А потом Миша неожиданно вновь почувствовал, что он есть, и только тогда он осознал, что какое-то время его не было на свете. При этом он решительно не мог понять, сколько времени его не было. Это могли быть доли секунды, а могли быть века… Миша также не мог точно вспомнить, кто он, потому что его сбивали с толку его внутренние ощущения, которые чрезвычайно изменились. Изменились они настолько сильно, что Миша не мог узнать себя изнутри. Все те бесчисленные тахометры, термометры, манометры, динамометры, вискозиметры и прочие приборы, которые постоянно измеряют и показывают множество наших внутренних параметров, и которые мы начинаем замечать только когда мы болеем, стареем или сильно огорчаемся, – все эти приборы стали неузнаваемы. Они теперь и располагались по-другому, и выглядели по-другому, и показывали что-то совершенно несусветное. Миша чувствовал себя так, как будто перед решающим концертом кто-то подсунул ему списанную, взятую со свалки ударную установку вместо его привычных барабанов, каждый из которых Миша чувствовал почти как свою кожу – натяг, звуки, отдачу в микрофон и многое другое. Точно так же как он чувствовал бы свое бессилие наладить взаимодействие между барабанными палочками в своих руках, и подмененными барабанами, свою неспособность извлечь из них должный звук, так Миша чувствовал свое бессилие наладить взаимодействие между своим сознанием и подмененными телесными ощущениями.
Прежде всего, появилась боль. Много разнородной боли. Болел позвоночник, тупо кололо под ребрами, ныли колени и тазобедренные суставы, ломило плечи, жгло и грызло под ложечкой, а голову словно стягивал тугой металлический обруч. От боли Миша попытался вдохнуть поглубже, но от резкого вдоха появилась режущая боль за грудиной, какая бывает при бронхите. Миша сдержал вдох и открыл глаза, но в глазах плясали какие-то пятна. Миша хотел протереть глаза рукой, но рука поднялась с болью и с трудом, и вдруг наткнулась у глаз на какой-то посторонний предмет. Миша с трудом узнал предмет наощупь: это оказались очки, которых Миша никогда не носил. Во рту тоже был какой-то непорядок: что-то в нем не то чтобы болело, но как-то мешало, неприятно беспокоило и вызывало тошноту. Миша засунул руку в рот и вытащил беспокоящий небо предмет, который оказался неожиданно большим. Миша глянул на этот предмет и увидел… искусственную челюсть.
– Ну вот, только глянь, – раздался рядом молодой голос, – не успел тебе свою шкуру доверить, как ты ее уже по частям начал разбирать. Положь чавку на место!
Миша глянул на своего соседа и увидел то, что он обычно видел, когда смотрелся в два зеркала – увидел самого себя со стороны. Затем Миша ощупал свой пустой запавший рот и попытался примостить протез на прежнее место, но тот не слушался.

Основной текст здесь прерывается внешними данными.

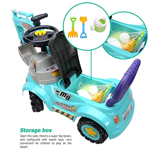 -. Feature : 3-in-1 Ride-On Toy: Digger, Scooter & Pulling cart / Rotation driver's cab, Raise or depress the handle to make the arm up or down / Music steering wheel with switch, Lights flash with music / Help to build baby's physical skills and learn movement / Around 20 minutes to assemble

Юноша, похожий на Мишино отражение, выхватил у него из руки челюсть, нажал Мише на подбородок и ловко вставил ее Мише в рот.
– Ну все, пора идти, – сказало Мишино отражение голосом, похожим на тот, который Миша слышал из магнитофона, когда записывал песни под гитару в своем исполнении, – Поднимайся тихонечко, не спеша, я тебе подсоблю.
Юноша легко и осторожно приподнял Мишу под мышки, и тот встал на неверные, подламывающиеся ноги.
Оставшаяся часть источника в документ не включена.